I would never have guessed that one of the side effects of the computational paradigm of mind would be a new form of proxy immortalism
Odd, this was one of the first things that occurred to me when I learned of it.
it's still ironic to see this argument being made, given that it emerges from the same techno-conceptual zeitgeist which elsewhere is employed to urge a person not to be satisfied with living on in their children, their race, et cetera, but rather to seek personal survival beyond the traditional limits
I am actually already signed up with CI, so I'm not solely satisfied with my greater-self continuing on. But I also realize the two are related - if/when I am revived, the measure of meta-me is increased. Also, once reanimation becomes possible, I would work toward getting everyone revived regardless of who they are or how much it costs. As such, increasing the number of people sufficiently like me (ie: the measure of meta-me) increases my chances of being revived, and also is healthy for meta-me.
I'm curious if a meta-being having awareness of it's own existence is a competitive advantage. I'd wager it's not, but it'll be interesting to see.

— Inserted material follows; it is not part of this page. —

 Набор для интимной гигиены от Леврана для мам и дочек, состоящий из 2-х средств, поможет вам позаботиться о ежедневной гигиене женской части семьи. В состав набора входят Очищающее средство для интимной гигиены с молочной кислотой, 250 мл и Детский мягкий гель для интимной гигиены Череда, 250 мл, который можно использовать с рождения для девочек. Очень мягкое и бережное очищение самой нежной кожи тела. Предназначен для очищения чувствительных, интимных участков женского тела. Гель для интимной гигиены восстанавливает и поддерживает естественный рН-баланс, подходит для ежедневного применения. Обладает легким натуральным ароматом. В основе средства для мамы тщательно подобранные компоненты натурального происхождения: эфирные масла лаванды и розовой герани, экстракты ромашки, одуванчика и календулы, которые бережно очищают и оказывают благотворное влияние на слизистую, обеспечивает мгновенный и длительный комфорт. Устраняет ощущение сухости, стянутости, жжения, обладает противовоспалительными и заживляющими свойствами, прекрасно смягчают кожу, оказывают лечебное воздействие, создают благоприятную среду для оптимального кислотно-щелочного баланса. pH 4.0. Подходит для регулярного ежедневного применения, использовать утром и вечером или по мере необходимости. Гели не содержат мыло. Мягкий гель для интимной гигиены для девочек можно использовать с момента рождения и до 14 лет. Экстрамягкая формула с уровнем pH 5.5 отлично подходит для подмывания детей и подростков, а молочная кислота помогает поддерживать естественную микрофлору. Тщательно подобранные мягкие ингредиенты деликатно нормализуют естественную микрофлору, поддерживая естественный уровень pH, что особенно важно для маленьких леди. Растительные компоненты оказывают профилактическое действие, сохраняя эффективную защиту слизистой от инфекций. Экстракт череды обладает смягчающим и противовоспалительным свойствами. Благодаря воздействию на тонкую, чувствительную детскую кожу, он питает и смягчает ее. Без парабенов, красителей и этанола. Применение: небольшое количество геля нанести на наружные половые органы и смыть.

It may seem like a confused form of thinking, but I have come to accept that I have a very mystically-oriented thought process. I prefer to think of Azathoth and Alethea as beings, even though I know they are not. Struggling against evolution is hopeless, but holding back Azathoth for the good of man is noble. I find that I am both happier in life and more able to do useful things in the real world when I think in terms of metaphor. So while meta-beings may be no more than a useful mental construct, the same can be said of many things such as "life" and "particles". If it makes winning more achievable it's worth embracing, or at least exploring.
I would never have guessed that one of the side effects of the computational paradigm of mind would be a new form of proxy immortalism
Odd, this was one of the first things that occurred to me when I learned of it.

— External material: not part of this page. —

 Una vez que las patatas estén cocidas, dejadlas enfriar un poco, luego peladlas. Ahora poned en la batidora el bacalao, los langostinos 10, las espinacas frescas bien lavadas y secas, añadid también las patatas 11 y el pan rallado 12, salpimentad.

I actually had the opposite reaction, wondering if the me of next year was close enough to be the same person. I have a tendency toward a high future discount in any case, and this didn't help. :)
This post is not about many worlds. It is somewhat disjointed, but builds to a single point.
If an AI was asked today how many human individuals populate this planet, it may not return a number the several-billions range. In fact I’d be willing to bet it’d return a number in the tens of thousands, with the caveat that the individuals vary wildly in measure.
I agree with Robin Hanson that if two instances of me exist, and one is terminated, I didn’t die, I simply got smaller.
In 1995 Robert Sapolsky wrote in Ego Boundaries “My students usually come with ego boundaries like exoskeletons. […] They want their rituals newly minted and shared horizontally within their age group, not vertically over time,” whereas in older societies “needs transcend individual rights to a bounded ego, and people in traditional communities are named and raised as successive incarnations. In such societies, Abraham always lives 900 years--he simply finds a new body to inhabit now and then. ”
Ego boundaries may be more rigid now, but that doesn’t make people more unique. If anything, people have become more like each other. Memes are powerful shapers of mental agents, and as technology allows memes to breed and compete more freely the most viral ones spread through the species.
Acausal trade allows for amazing efficiencies, not merely on a personal level but also via nationalism and religion. People executing strong acausal trading routines will out-compete those who don’t.
Timeless Decision Theory proscribes making decisions as if choosing the outcome for all actors sufficiently like yourself across all worlds. As competition narrows the field of memeplexes to a handful of powerful and virulent ubermemes, and those memeplexes influence the structure and strength of individual’s mental agents in similar ways, people become more like each other. In so doing they are choosing *as if* a single entity more and more effectively. To an outside observer, there may be very little to differentiate two such humans from each other.
Therefore it may be wrong to think of oneself as a singular person. I am not just me – I am also effectively everyone who is sufficiently like me. It’s been argued that there are only seven stories, and every story can be thought of as an elaboration of one of these. It seems likely there are only a few thousand differentiable people, and everyone is simply one of these with some flare.
If we think of people in these terms, certain behaviors make more sense. Home-schooling is looked down on because institutional schools are about making other people into us. Suicide is considered more sinful than killing outsiders because suicide *always* reduces the size of the Meta-Person that the suicidee belonged to. Argument and rhetoric isn’t just a complete waste of your free time, it’s also an attempt to make Meta-Me larger, and Meta-SomeoneElse smaller. Art finally makes sense.
Added Bonus: You no longer have to have many children to exist. You can instead work on enlarging your Meta-Self’s measure.